Pertama, mencatat hutang piutang.
“Wahai orang-orang yang beriman, apabila kalian melakukan hutang piutang untuk waktu yang ditentukan, hendaklah kalian menuliskannya.” (al-Baqarah: 282).
Kedua, berniat akan melunasi hutang.
“Siapa saja yang berhutang, sedang ia berniat tidak melunasi hutangnya, maka ia akan bertemu Allah sebagai seorang pencuri.” (Hr. Ibnu Majah).
Ketiga, tidak menunda-nunda membayar hutang.
“Menunda-nunda (pembayaran hutang) bagi orang yang mampu adalah kedzaliman.” (Hr. Bukhari dan Muslim).
Keempat, membayar tak perlu menunggu ditagih.
“Sebaik-baik orang adalah yang paling baik dalam pembayaran hutang.” (Hr. Bukhari dan Abu Dawud).
Kelima, tidak memersulit dan banyak beralasan dalam pembayaran.
“Allah ‘Azza wa jalla akan memasukkan ke dalam surga orang yang mudah ketika membeli, menjual, dan melunasi hutang.” (Hr. Ahmad, an-Nasa’i, dan Ibnu Majah).
Keenam, tidak meremehkan hutang sekalipun jumlahnya kecil.
“Ruh seorang mukmin itu tergantung kepada hutangnya hingga hutangnya dibayarkan.” (Hr. Ahmad, Tirmidzi, Darimi, dan Ibnu Majah).
Ketujuh, tidak ada kebohongan terhadap pemberi hutang.

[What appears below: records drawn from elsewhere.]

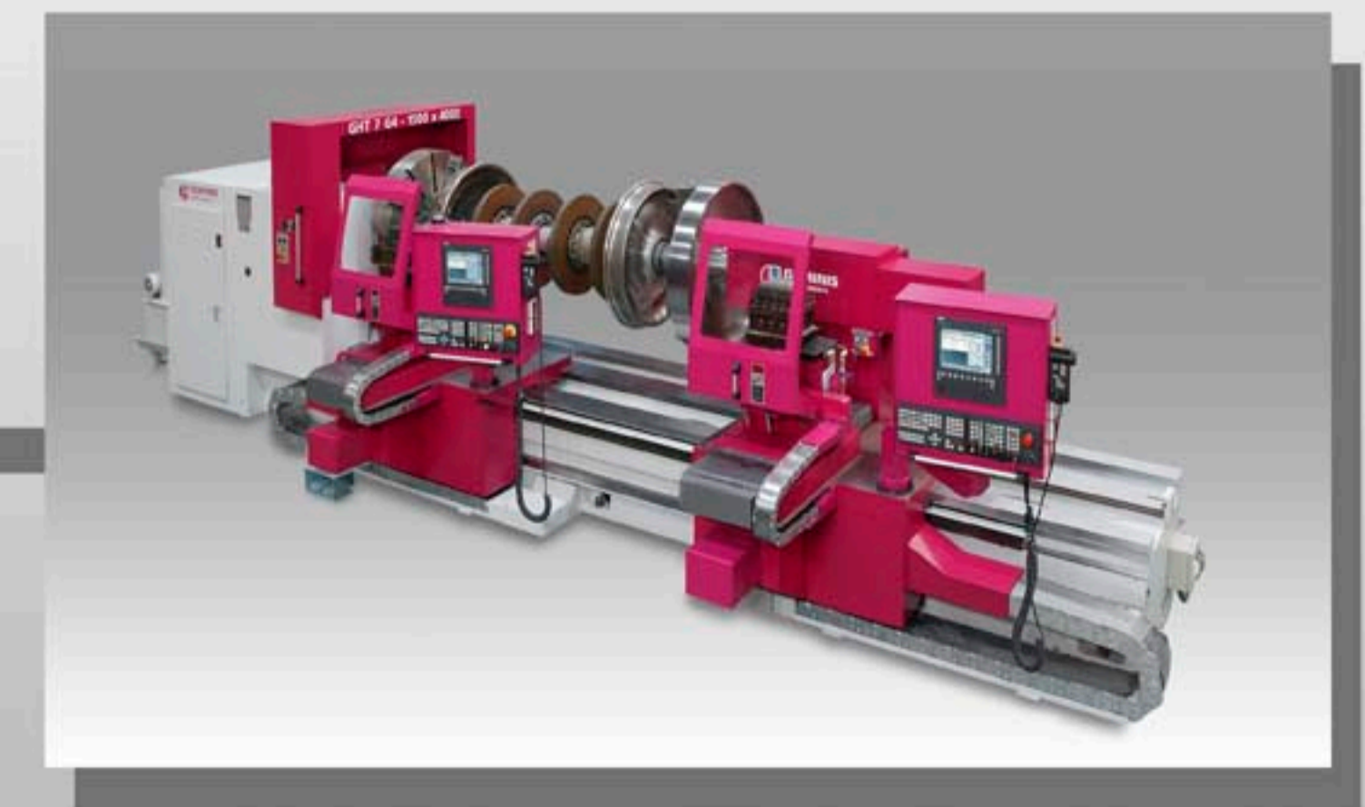
IRON & STEEL INDUSTRY RAILWAY INDUSTRY
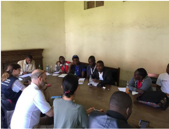
Fig 3 – Kabarole DTF 19 th September 2018 (Left)
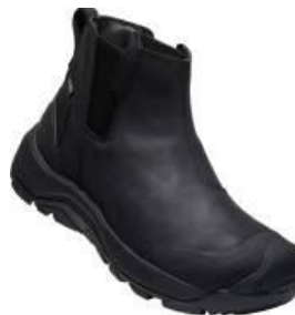
Men's 1025671 Black/Black
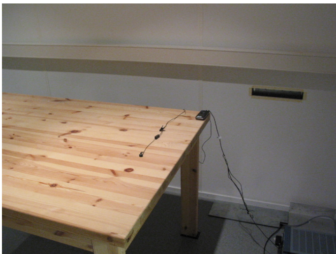
Picture 3 AC powerline conducted emission measurement Bluetooth TX
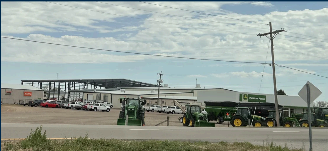
PrairieLand Partners Training Facility Expansion
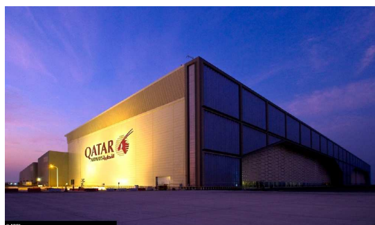
Qatar Airways Maintenance Centre

Futhermore, ADPI assisted Bechtel Group (in charge of works supervision) during the construction supervision phase and managed the reconfiguration of Qatari airspace, which handles about 360,000 aircraft movements per year.
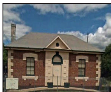
1 Water Street, Greta
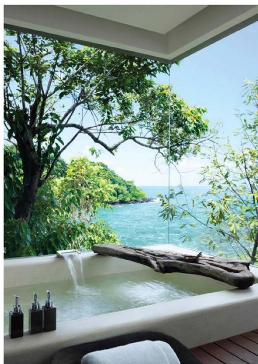
Enjoy a bath with a view.
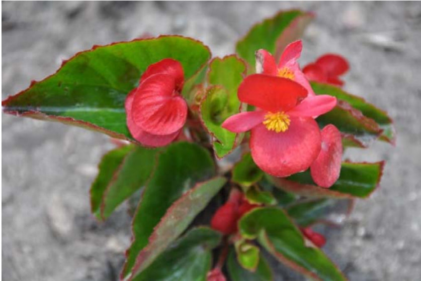
'Big Green Leaf Red'
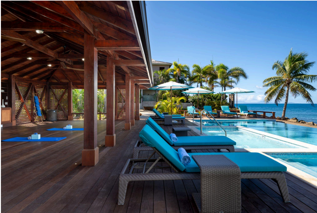
A space for intentional movement and deep restoration in the yoga deck and tranquil adult pool area.

Inspirational destinations & properties of excellence
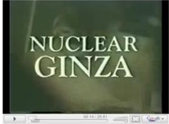
Nuclear Ginza (Channel 4, 1995. LINK to view video )

Another important problem concerns the workers at the nuclear power plants. Most of these workers are irregular employees of TEPCO subsidiaries, referred to as "cooperating companies." Performing jobs with high risk of radiation exposure and other severe working conditions, these workers are not members of Denryoku Soren. Many of them are temporary workers who come from Okinawa, or are drawn from former day laborers from Osaka's Kamagasaki and Tokyo's Sanya districts. Risking their lives to earn even slightly higher wages, these workers engaged in dangerous tasks form the lower stratum in a structure of discrimination, with the pro-company unions stationed above and turning a blind eye to the situation. 7
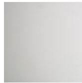
OP71 matt weiß
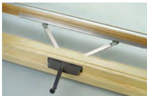
Awning operators page I-5

A casement window is hinged on the side, and swings open like a door.
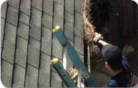
Clear leaves and debris from gutters and check your roof for leaks.

The most effective way to protect your property against flooding is to prepare before it rains. Preparations can consist of very simple home maintenance but, depending on your circumstances, may involve the construction of permanent drainage systems, walls or other measures to divert water, mud or debris.
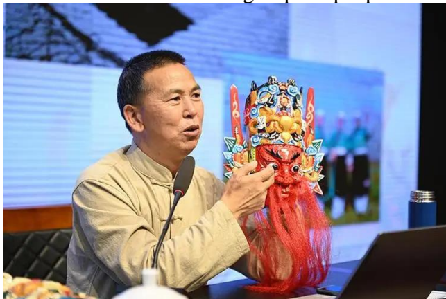
Figure 4: The inheritor gives an explanation.

In order to give students and the public more choices and participation space, the school can also classify and grade the inheritance projects. In this way, students and the public can choose their own interesting inheritance projects more pertinently, and improve the social benefits and influence of inheritance work. For example, we can divide heritage projects into different themes and levels, such as "traditional music", "traditional dance" and "traditional handicrafts", and set corresponding courses and activities to meet the needs of different groups of people.

“Sesungguhnya, apabila seseorang berhutang, maka bila berbicara ia akan dusta dan bila berjanji ia akan ingkari…” (Hr. Bukhari dan Muslim).
Kedelapan, tidak berjanji bila tidak mampu menepatinya.
“…. Dan penuhilah janji karena janji itu pasti dimintai pertanggungjawaban.” (al-Isra’: 34).
Kesembilan, mendoakan orang yang memberi pinjaman.
“Barangsiapa telah berbuat kebaikan kepadamu, balaslah kebaikannya itu. Jika engkau tidak mendapati apa yang dapat untuk membalas kebaikannya itu, maka berdoalah untuknya hingga engkau menganggap bahwa engkau benar-benar telah membalas kebaikannya..” (Hr. Ahmad dan Abu Dawud).
Indah, bukan? Inilah Islam! Ia tidak menyulitkan sekaligus tidak menghendaki kezaliman. Silakan berhutang bila memang benar-benar diperlukan, dan berilah pinjaman kepada saudara, teman, tetangga, yang membutuhkan. Semua demi kebaikan bersama. Karena Islam diwahyukan guna mencipta kesejahteraan, ketenteraman hidup di dunia. Siapa berusaha menjalani segala tata aturannya, adab-adabnya, baik berhasil atau tidak dalam “menata” dunia, insya Allah di akhirat akan beroleh balasan jannah nan mulia. Wallahu a’lam. [IB]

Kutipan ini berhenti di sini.